What to work on
Would you set down the data that follows, word for word, without any pictures?

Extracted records
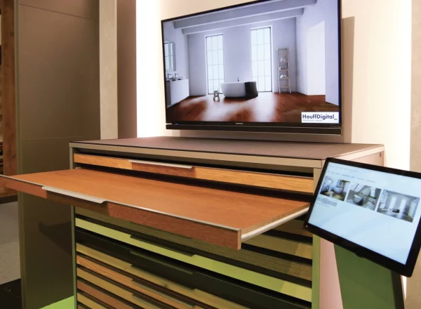 - Kundenwünsche bedienen: interaktive Auswahl von Projekt- und Stilrichtung und gezielte Präsentation von beliebig vielen Raumvarianten pro Materialmuster
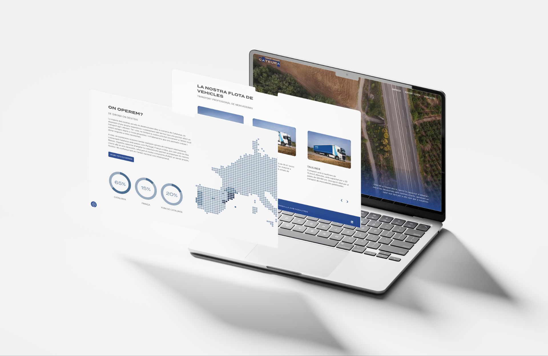 El diseño final combina robustez y claridad: un entorno limpio, funcional y visualmente potente, pensado para facilitar la navegación del usuario y transmitir la confianza de una empresa con experiencia. La web está adaptada a todos los dispositivos y optimizada para ofrecer una experiencia ágil, directa y profesional. El resultado es una web moderna y coherente con la evolución de Grup Transcateura, que refleja su crecimiento y su apuesta por la innovación sin perder su esencia familiar y cercana.
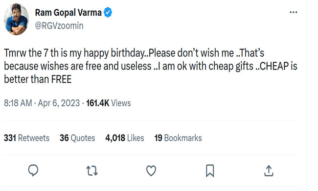 He informed everyone that the 7th of April is his birthday and said, "Tmrw the 7 th is my happy birthday..Please don't wish me ..That's because wishes are free and useless ..I am ok with cheap gifts ..CHEAP is better than FREE." As we know, RGV lives life on his own terms and says whatever he wants. He will definitely have a blast partying all day on his birthday but he did not leave a chance to gain the audience's attention with his latest tweet.
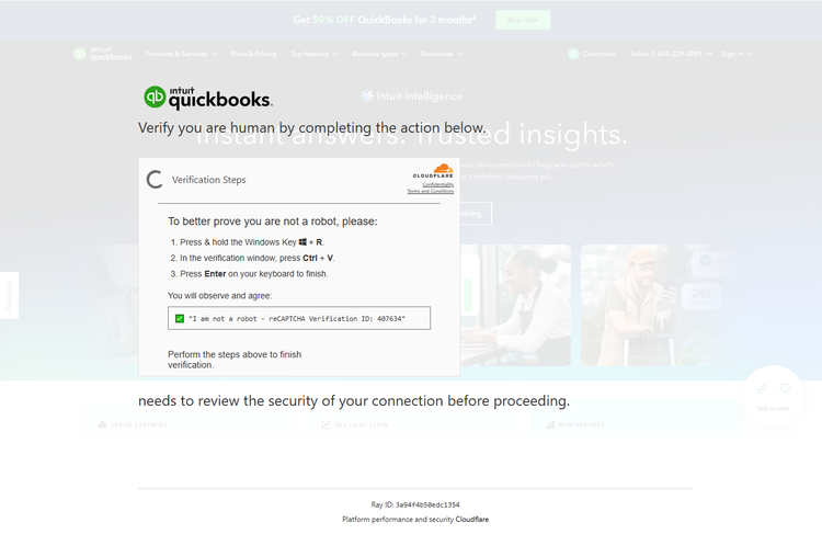 The infection chain begins when a victim lands on a ClickFix landing page. The page presents a fraudulent human-verification interface (see Figure 3) that instructs the victim to complete specific “verification” steps.
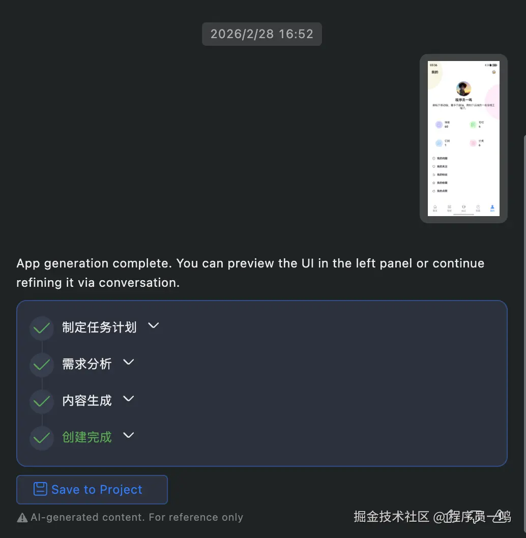 页面功能生成之后,并不一定需要直接保存到项目,你可以根据预览效果,可以在输入框中,进行多次询问,如,增加功能,修改功能,删除功能等,直至达到你的满意度后,再保存到项目。

Expected output
 - Kundenwünsche bedienen: interaktive Auswahl von Projekt- und Stilrichtung und gezielte Präsentation von beliebig vielen Raumvarianten pro Materialmuster
 El diseño final combina robustez y claridad: un entorno limpio, funcional y visualmente potente, pensado para facilitar la navegación del usuario y transmitir la confianza de una empresa con experiencia. La web está adaptada a todos los dispositivos y optimizada para ofrecer una experiencia ágil, directa y profesional. El resultado es una web moderna y coherente con la evolución de Grup Transcateura, que refleja su crecimiento y su apuesta por la innovación sin perder su esencia familiar y cercana.
 He informed everyone that the 7th of April is his birthday and said, "Tmrw the 7 th is my happy birthday..Please don't wish me ..That's because wishes are free and useless ..I am ok with cheap gifts ..CHEAP is better than FREE." As we know, RGV lives life on his own terms and says whatever he wants. He will definitely have a blast partying all day on his birthday but he did not leave a chance to gain the audience's attention with his latest tweet.
 The infection chain begins when a victim lands on a ClickFix landing page. The page presents a fraudulent human-verification interface (see Figure 3) that instructs the victim to complete specific “verification” steps.
 页面功能生成之后,并不一定需要直接保存到项目,你可以根据预览效果,可以在输入框中,进行多次询问,如,增加功能,修改功能,删除功能等,直至达到你的满意度后,再保存到项目。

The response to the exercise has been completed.